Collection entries
────────────────────────────────────────
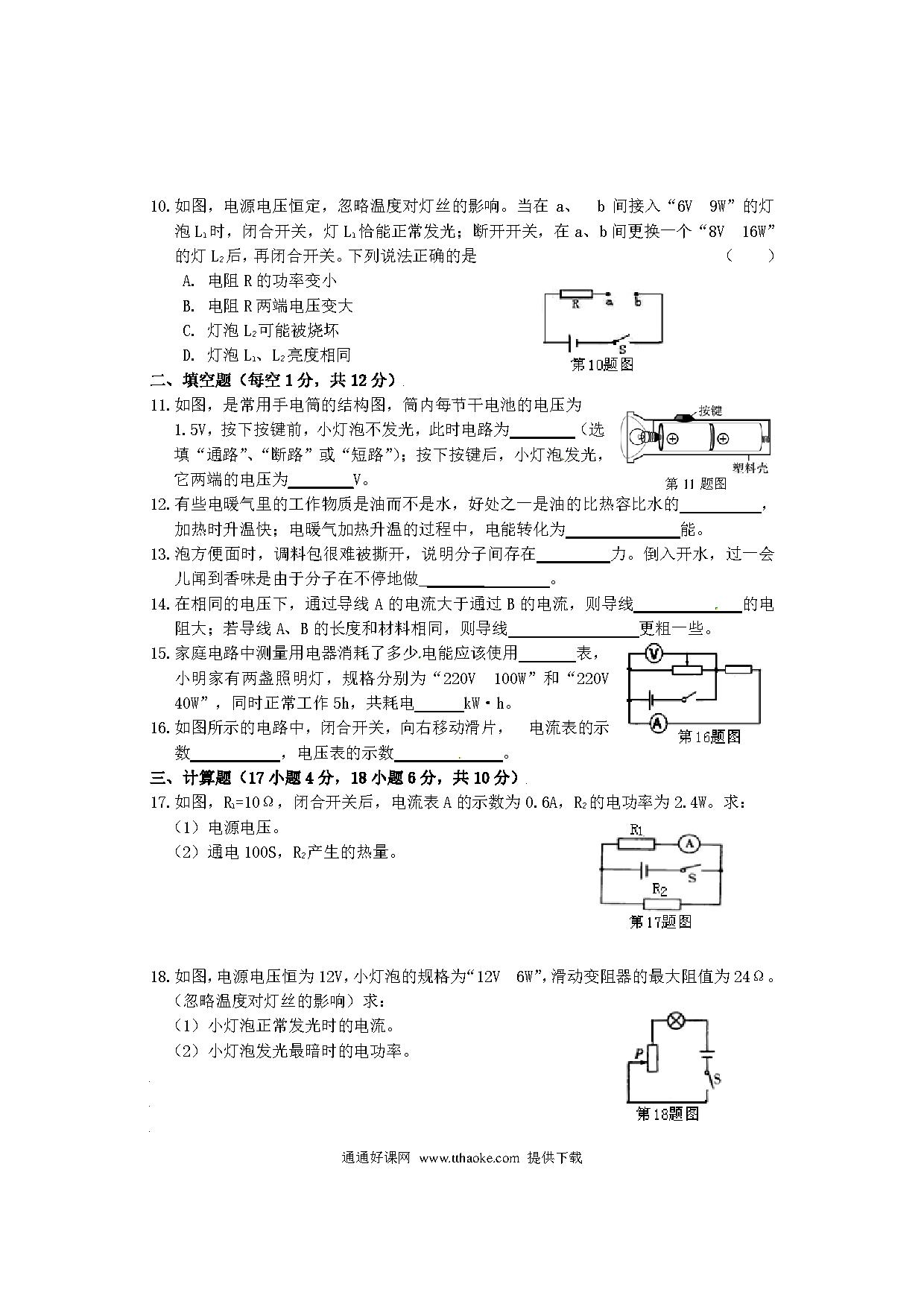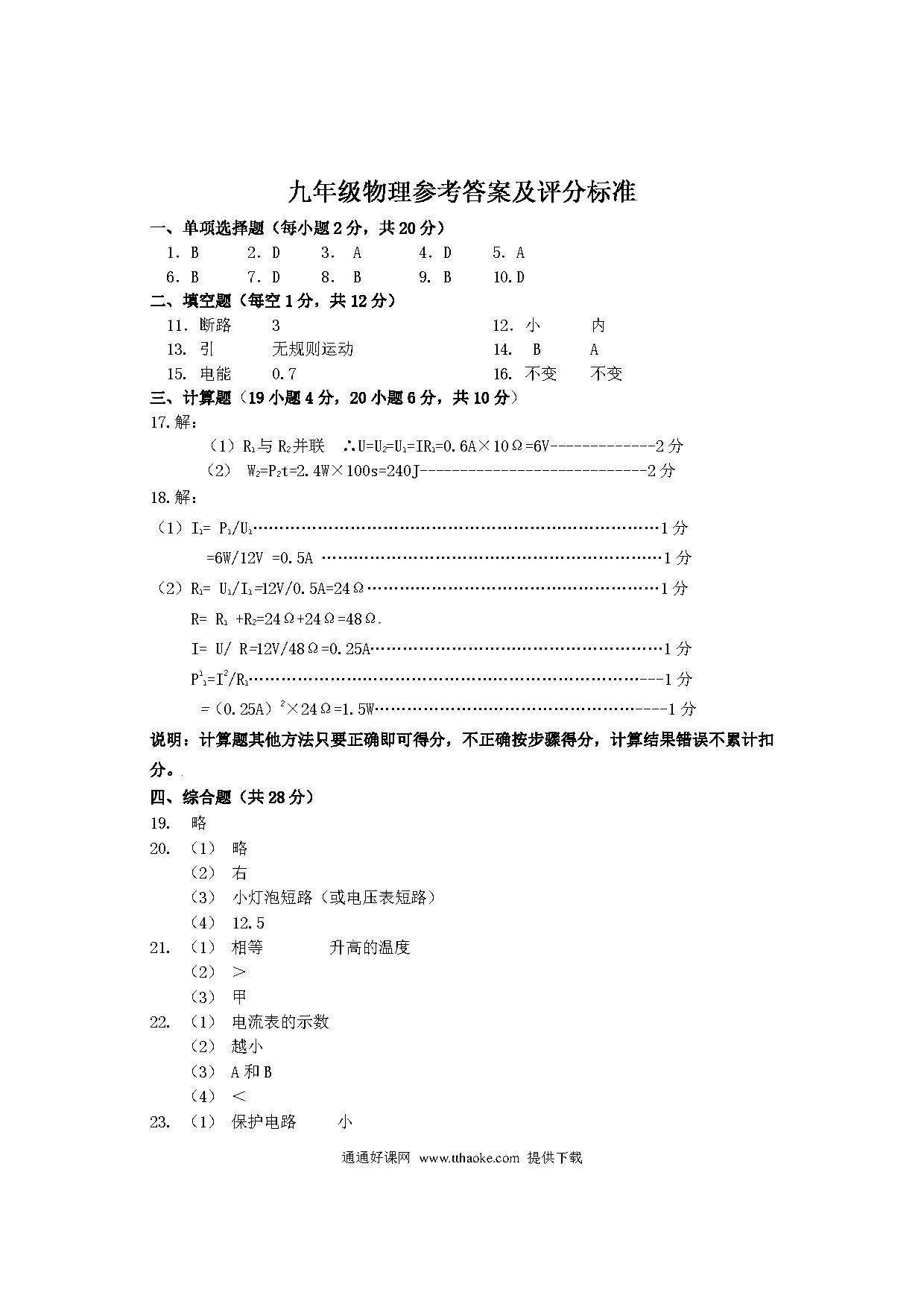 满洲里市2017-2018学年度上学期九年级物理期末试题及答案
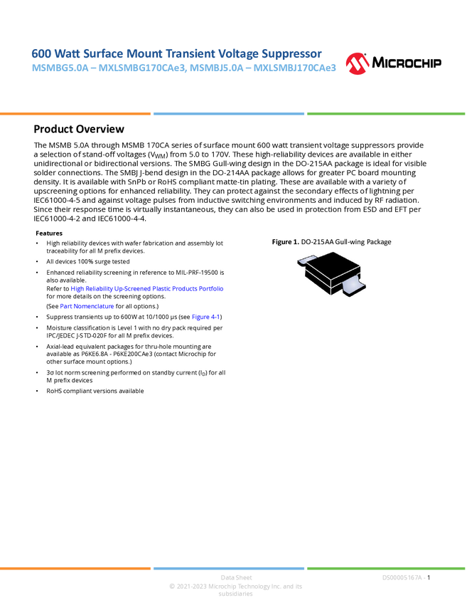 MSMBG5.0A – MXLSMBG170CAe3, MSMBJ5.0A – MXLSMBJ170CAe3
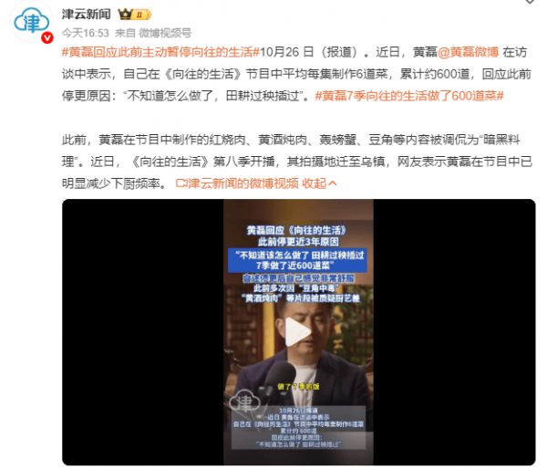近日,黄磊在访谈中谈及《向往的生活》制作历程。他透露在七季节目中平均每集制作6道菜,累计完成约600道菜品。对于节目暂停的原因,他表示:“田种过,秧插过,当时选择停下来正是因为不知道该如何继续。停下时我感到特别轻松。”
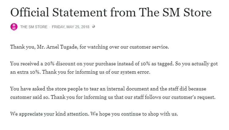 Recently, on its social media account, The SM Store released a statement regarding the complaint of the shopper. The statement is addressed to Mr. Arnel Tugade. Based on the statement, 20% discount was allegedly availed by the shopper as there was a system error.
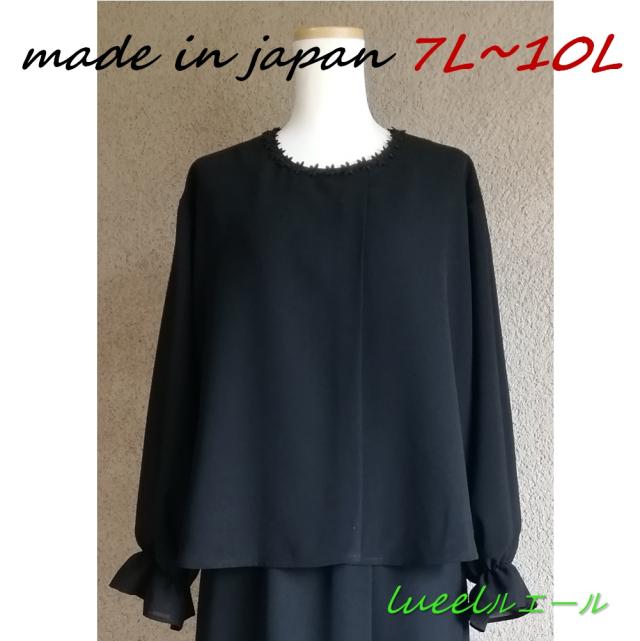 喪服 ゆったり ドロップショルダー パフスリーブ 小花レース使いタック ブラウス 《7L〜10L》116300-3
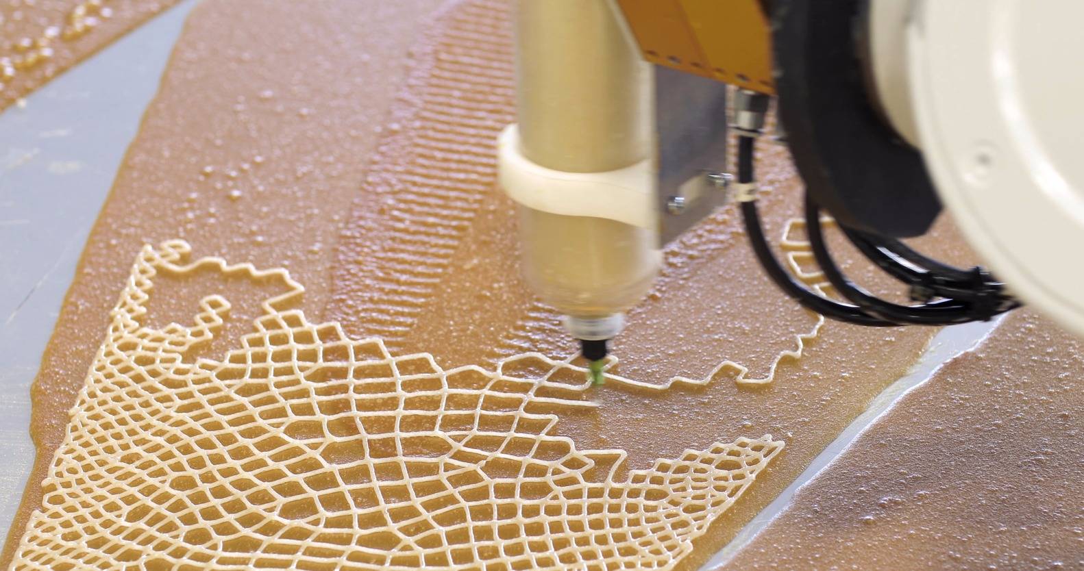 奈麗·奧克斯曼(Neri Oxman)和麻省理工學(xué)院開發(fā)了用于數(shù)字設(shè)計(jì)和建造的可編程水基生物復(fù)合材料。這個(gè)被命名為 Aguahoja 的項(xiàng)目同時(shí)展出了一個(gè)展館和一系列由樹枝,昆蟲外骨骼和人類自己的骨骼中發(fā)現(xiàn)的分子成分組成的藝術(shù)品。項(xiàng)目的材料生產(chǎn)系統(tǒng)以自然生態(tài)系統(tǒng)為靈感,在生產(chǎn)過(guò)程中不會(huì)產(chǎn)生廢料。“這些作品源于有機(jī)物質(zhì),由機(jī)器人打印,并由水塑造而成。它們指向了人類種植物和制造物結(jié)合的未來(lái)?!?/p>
────────────────────────────────────────
### Problem requirements
Reproduce, with no pictures, the lines from the one containing "Recently, on its" to the end of the records above, exactly and inclusively.

### Result of the task
 Recently, on its social media account, The SM Store released a statement regarding the complaint of the shopper. The statement is addressed to Mr. Arnel Tugade. Based on the statement, 20% discount was allegedly availed by the shopper as there was a system error.
 喪服 ゆったり ドロップショルダー パフスリーブ 小花レース使いタック ブラウス 《7L〜10L》116300-3
 奈麗·奧克斯曼(Neri Oxman)和麻省理工學(xué)院開發(fā)了用于數(shù)字設(shè)計(jì)和建造的可編程水基生物復(fù)合材料。這個(gè)被命名為 Aguahoja 的項(xiàng)目同時(shí)展出了一個(gè)展館和一系列由樹枝,昆蟲外骨骼和人類自己的骨骼中發(fā)現(xiàn)的分子成分組成的藝術(shù)品。項(xiàng)目的材料生產(chǎn)系統(tǒng)以自然生態(tài)系統(tǒng)為靈感,在生產(chǎn)過(guò)程中不會(huì)產(chǎn)生廢料。“這些作品源于有機(jī)物質(zhì),由機(jī)器人打印,并由水塑造而成。它們指向了人類種植物和制造物結(jié)合的未來(lái)?!?/p>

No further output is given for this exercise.